--- EXTRACTED RECORDS Enclosed Below ---

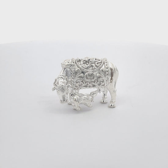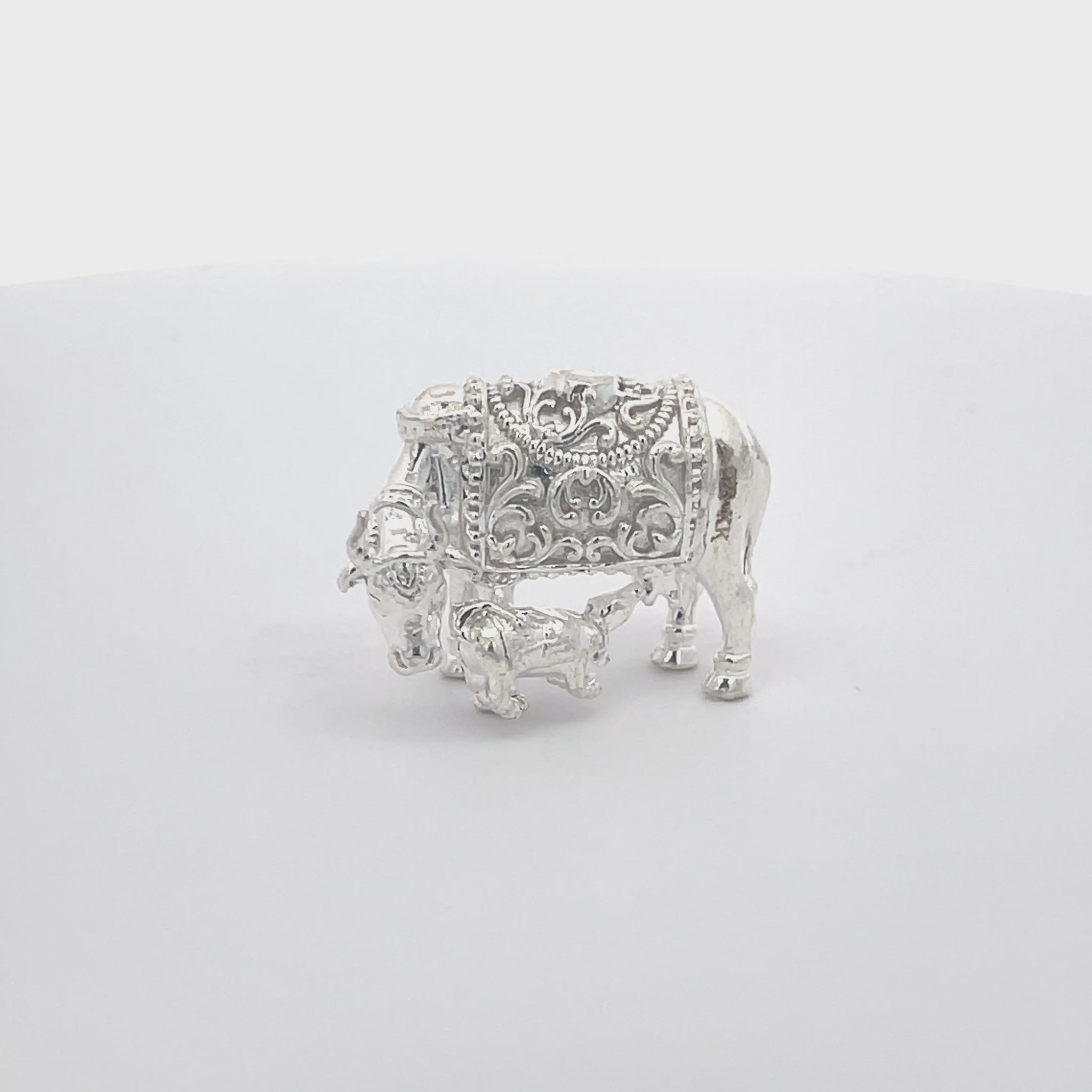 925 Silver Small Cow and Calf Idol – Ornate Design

--- End of Enclosed EXTRACTED RECORDS ---
--- EXTRACTED RECORDS Enclosed Below ---

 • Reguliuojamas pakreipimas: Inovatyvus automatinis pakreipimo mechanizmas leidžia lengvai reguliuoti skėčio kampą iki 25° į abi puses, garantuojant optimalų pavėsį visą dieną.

--- End of Enclosed EXTRACTED RECORDS ---
--- EXTRACTED RECORDS Enclosed Below ---

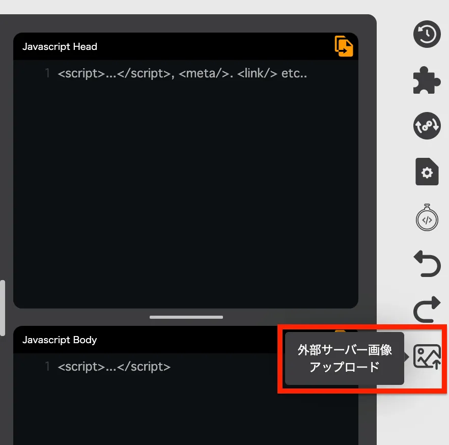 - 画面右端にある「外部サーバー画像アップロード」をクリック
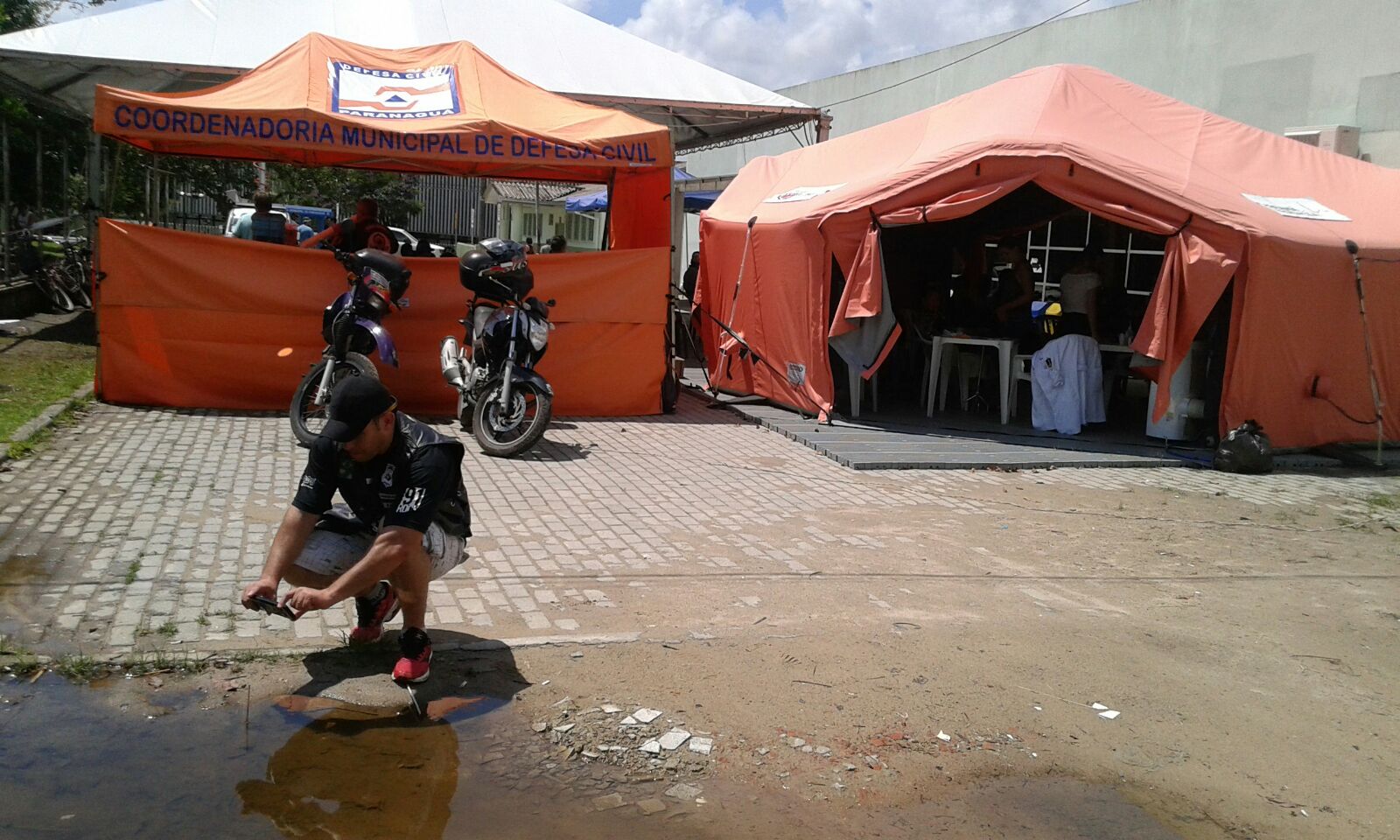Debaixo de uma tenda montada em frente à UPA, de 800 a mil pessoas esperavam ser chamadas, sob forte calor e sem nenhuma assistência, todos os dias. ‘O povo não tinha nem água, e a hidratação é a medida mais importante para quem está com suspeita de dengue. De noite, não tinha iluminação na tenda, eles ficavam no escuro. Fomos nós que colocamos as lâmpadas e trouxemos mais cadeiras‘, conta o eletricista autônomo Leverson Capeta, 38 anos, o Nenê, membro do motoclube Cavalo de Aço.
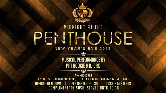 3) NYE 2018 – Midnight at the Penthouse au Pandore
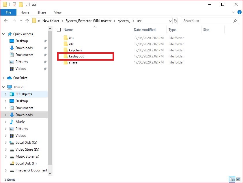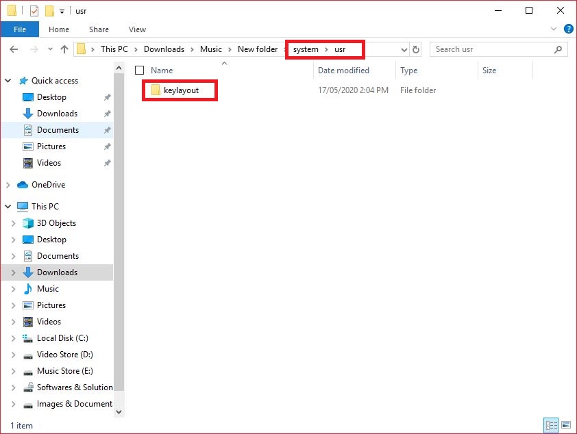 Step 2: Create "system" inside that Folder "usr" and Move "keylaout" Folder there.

--- End of Enclosed EXTRACTED RECORDS ---

## EXERCISE AIM
With pictures omitted, repeat the entries above word for word from the line holding "Debaixo de uma" down to the line holding "Step 2: Create", keeping both of those lines.

## OUTPUT FOR THIS EXERCISE
Debaixo de uma tenda montada em frente à UPA, de 800 a mil pessoas esperavam ser chamadas, sob forte calor e sem nenhuma assistência, todos os dias. ‘O povo não tinha nem água, e a hidratação é a medida mais importante para quem está com suspeita de dengue. De noite, não tinha iluminação na tenda, eles ficavam no escuro. Fomos nós que colocamos as lâmpadas e trouxemos mais cadeiras‘, conta o eletricista autônomo Leverson Capeta, 38 anos, o Nenê, membro do motoclube Cavalo de Aço.
 3) NYE 2018 – Midnight at the Penthouse au Pandore
 Step 2: Create "system" inside that Folder "usr" and Move "keylaout" Folder there.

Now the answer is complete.